Papesh (T. Rowe Price) non ha dubbi: le piccole sono favorite, ma non bisogna dimenticare alcune large-cap tecnologiche. L’intervista
In portafoglio non possono mancare alcune large-cap tecnologiche ben posizionate per sfruttare i cambiamenti di lungo periodo in settori come la ricerca web, l’advertising online e l’e-commerce, ma questo è soprattutto il momento di puntare sulle società a piccola capitalizzazione, decisamente favorite. Parola di Eric Papesh, portfolio specialist Us equities di T. Rowe Price, che risponde alle quattro domande chiave sull’azionario Usa.
Quale ruolo dovrebbero avere i grandi nomi tech all’interno del portafoglio?
“In quasi tutte le fasi i titoli tecnologici large-cap hanno un ruolo da giocare all’interno dei portafogli degli investitori. La questione chiave riguarda piuttosto quali di questi titoli detenere. Considerando la rapidità dell’innovazione e la quantità di disruption a cui si è assistito nel corso degli ultimi due decenni, la selettività è chiaramente un fattore chiave.
Vi è un numero relativamente ridotto di società tecnologiche large-cap che oggi sono particolarmente ben posizionate per sfruttare i cambiamenti di lungo periodo in settori quali la ricerca web, l’advertising online e l’e-commerce.
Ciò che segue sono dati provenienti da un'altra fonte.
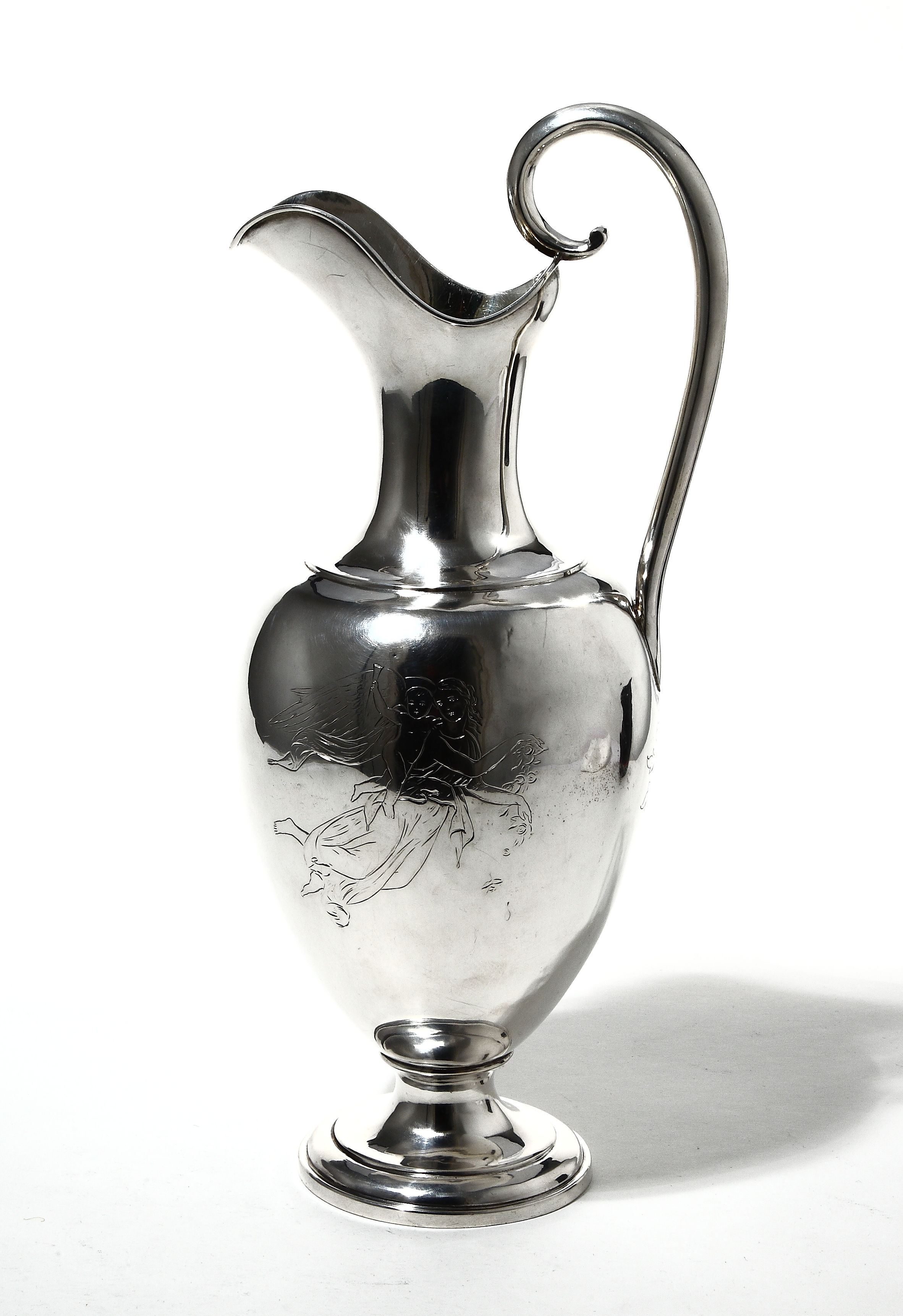 В данном лоте предлагается серебряный кувшин, декорированный образами из античной мифологии, выгравированными вручную.

Le valutazioni naturalmente contano e a volte i multipli rendono queste società meno attraenti a breve termine. Tuttavia, se si considera un orizzonte temporale dai tre ai cinque anni, è probabile che grazie a tale posizione privilegiata queste società continuino ad accrescere le proprie quote di mercato, generando allo stesso tempo rendimenti positivi per gli investitori a lungo termine.
Le small e mid-cap invece offrono valore?
“Dopo essere rimaste indietro per la maggior parte del tempo negli ultimi anni rispetto alle large-cap, le società a piccola capitalizzazione hanno registrato un forte rimbalzo rispetto ai minimi toccati nel 2020. Gli investitori hanno iniziato a rendersi conto delle prospettive in miglioramento intorno a metà anno, e vi è stata una quantità notevole di nuovi flussi diretti verso questa asset class negli ultimi due o tre trimestri.
Ai livelli attuali, pensiamo che ci siano ancora buone ragioni per mantenere un’esposizione a quest’area. Se in generale sul mercato azionario le valutazioni appaiono tirate rispetto al passato, in termini relativi le small-cap sono decisamente favorite rispetto alle large-cap. Inoltre, si prevede che le small-cap registrino una crescita degli utili per azione più significativa (considerando il 2021 rispetto al 2019) nel corso dell’anno rispetto alle large-cap. Anche se la componente a capitalizzazione più bassa del mercato tende ad essere leggermente più volatile, la combinazione di valutazioni meno elevate e crescita maggiore è attraente”.
Gli investitori possono trovare buoni rendimenti negli Stati Uniti? E per quanto riguarda i dividendi?
“Nonostante il dividend yield dell’S&P500 sia diminuito in seguito al rally del mercato dello scorso anno, alcuni settori continuano a offrire opportunità attraenti agli investitori in cerca di reddito. Il rendimento attuale della parte value del mercato resta più elevato rispetto a quello delle obbligazioniLe obbligazioni sono titoli rappresentativi del capitale di ... Leggi governative”.
Quale impatto ha la performance del dollaro sull’azionario Usa?
“In teoria, un dollaro più debole dovrebbe rappresentare un vantaggio per le grandi multinazionali, poiché una parte significativa dei loro ricavi provengono dall’esterno degli Stati Uniti. I profitti generati all’estero in sostanza possono essere convertiti in una maggiore quantità di dollari quando il biglietto verde è più debole.
In pratica, spesso l’esito non è così chiaro. L’impatto effettivo di una certa fluttuazione valutaria dipende non solo da dove una società vende i propri beni o servizi, ma anche dalla composizione valutaria dei costi. Per una società che abbia sia costi che ricavi esposti alla stessa valuta, l’indebolimento del dollaro avrebbe un impatto molto diverso rispetto a competitor esposti al dollaro in termini di costi e all’euro in termini di vendite. Inoltre, i diversi metodi di copertura valutaria utilizzati dalle singole società nei vari settori rendono difficile applicare regole semplici e precise per prevedere l’impatto di un rafforzamento o indebolimento del dollaro Usa”.